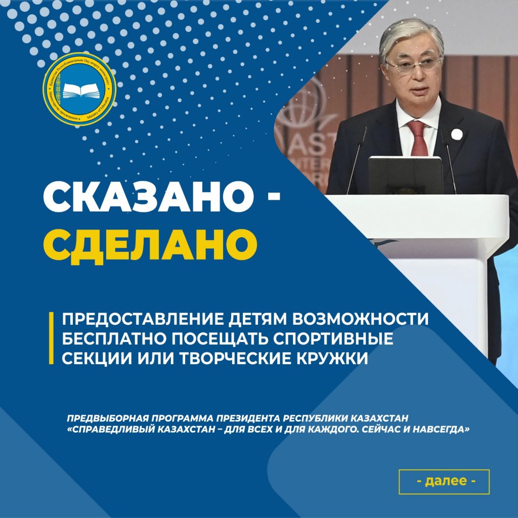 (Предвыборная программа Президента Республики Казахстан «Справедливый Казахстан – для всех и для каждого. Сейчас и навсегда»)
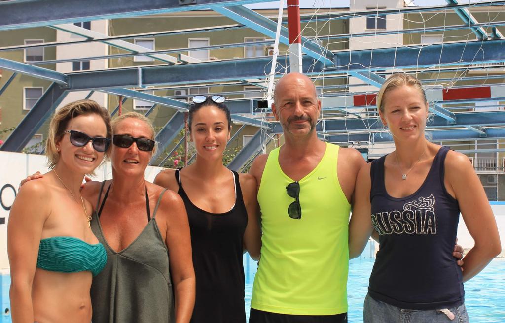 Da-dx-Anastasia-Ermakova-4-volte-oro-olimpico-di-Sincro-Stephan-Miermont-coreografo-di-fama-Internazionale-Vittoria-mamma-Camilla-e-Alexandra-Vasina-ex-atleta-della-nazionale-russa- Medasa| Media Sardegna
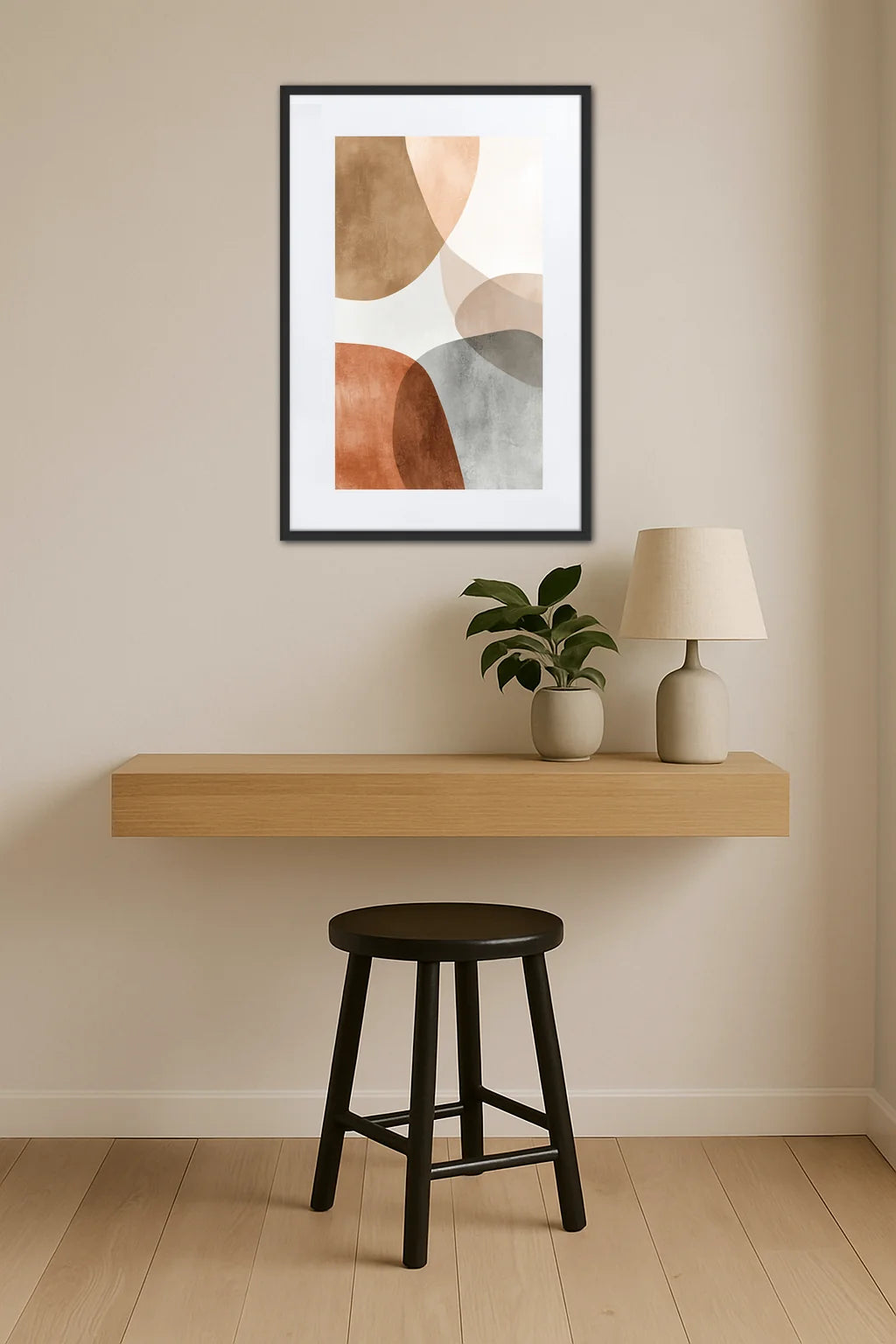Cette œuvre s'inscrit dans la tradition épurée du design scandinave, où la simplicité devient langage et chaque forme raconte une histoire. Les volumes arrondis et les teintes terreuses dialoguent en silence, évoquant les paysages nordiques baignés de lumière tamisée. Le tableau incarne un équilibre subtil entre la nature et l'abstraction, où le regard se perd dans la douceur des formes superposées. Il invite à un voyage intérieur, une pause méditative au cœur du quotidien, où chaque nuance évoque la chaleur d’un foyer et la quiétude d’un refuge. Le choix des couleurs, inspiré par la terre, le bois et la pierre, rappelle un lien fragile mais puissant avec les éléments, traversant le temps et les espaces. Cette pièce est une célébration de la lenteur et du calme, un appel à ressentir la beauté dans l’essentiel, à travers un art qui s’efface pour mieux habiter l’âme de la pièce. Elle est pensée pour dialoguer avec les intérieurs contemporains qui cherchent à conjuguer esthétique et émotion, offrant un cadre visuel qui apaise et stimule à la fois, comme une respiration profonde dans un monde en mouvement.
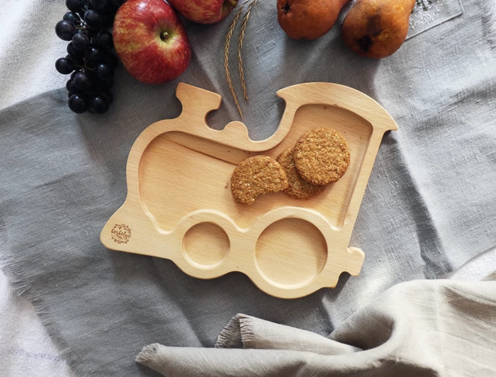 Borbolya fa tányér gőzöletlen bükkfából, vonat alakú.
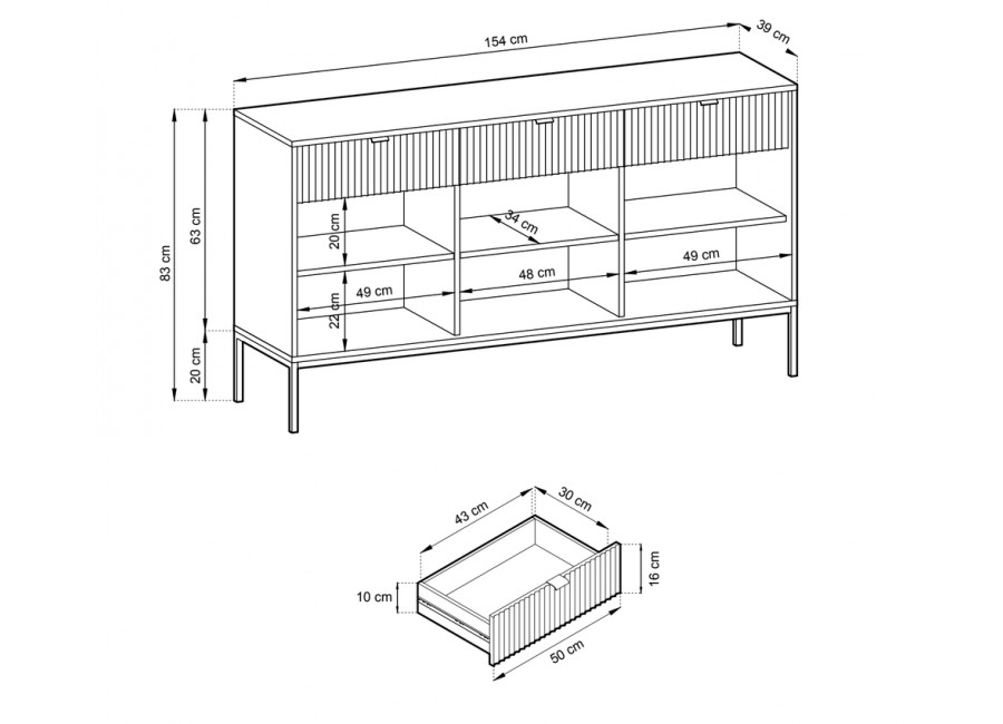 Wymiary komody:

──────────

With the pictures set aside, repeat every entry above exactly.

 (Предвыборная программа Президента Республики Казахстан «Справедливый Казахстан – для всех и для каждого. Сейчас и навсегда»)
 Da-dx-Anastasia-Ermakova-4-volte-oro-olimpico-di-Sincro-Stephan-Miermont-coreografo-di-fama-Internazionale-Vittoria-mamma-Camilla-e-Alexandra-Vasina-ex-atleta-della-nazionale-russa- Medasa| Media Sardegna
Cette œuvre s'inscrit dans la tradition épurée du design scandinave, où la simplicité devient langage et chaque forme raconte une histoire. Les volumes arrondis et les teintes terreuses dialoguent en silence, évoquant les paysages nordiques baignés de lumière tamisée. Le tableau incarne un équilibre subtil entre la nature et l'abstraction, où le regard se perd dans la douceur des formes superposées. Il invite à un voyage intérieur, une pause méditative au cœur du quotidien, où chaque nuance évoque la chaleur d’un foyer et la quiétude d’un refuge. Le choix des couleurs, inspiré par la terre, le bois et la pierre, rappelle un lien fragile mais puissant avec les éléments, traversant le temps et les espaces. Cette pièce est une célébration de la lenteur et du calme, un appel à ressentir la beauté dans l’essentiel, à travers un art qui s’efface pour mieux habiter l’âme de la pièce. Elle est pensée pour dialoguer avec les intérieurs contemporains qui cherchent à conjuguer esthétique et émotion, offrant un cadre visuel qui apaise et stimule à la fois, comme une respiration profonde dans un monde en mouvement.
 Borbolya fa tányér gőzöletlen bükkfából, vonat alakú.
 Wymiary komody:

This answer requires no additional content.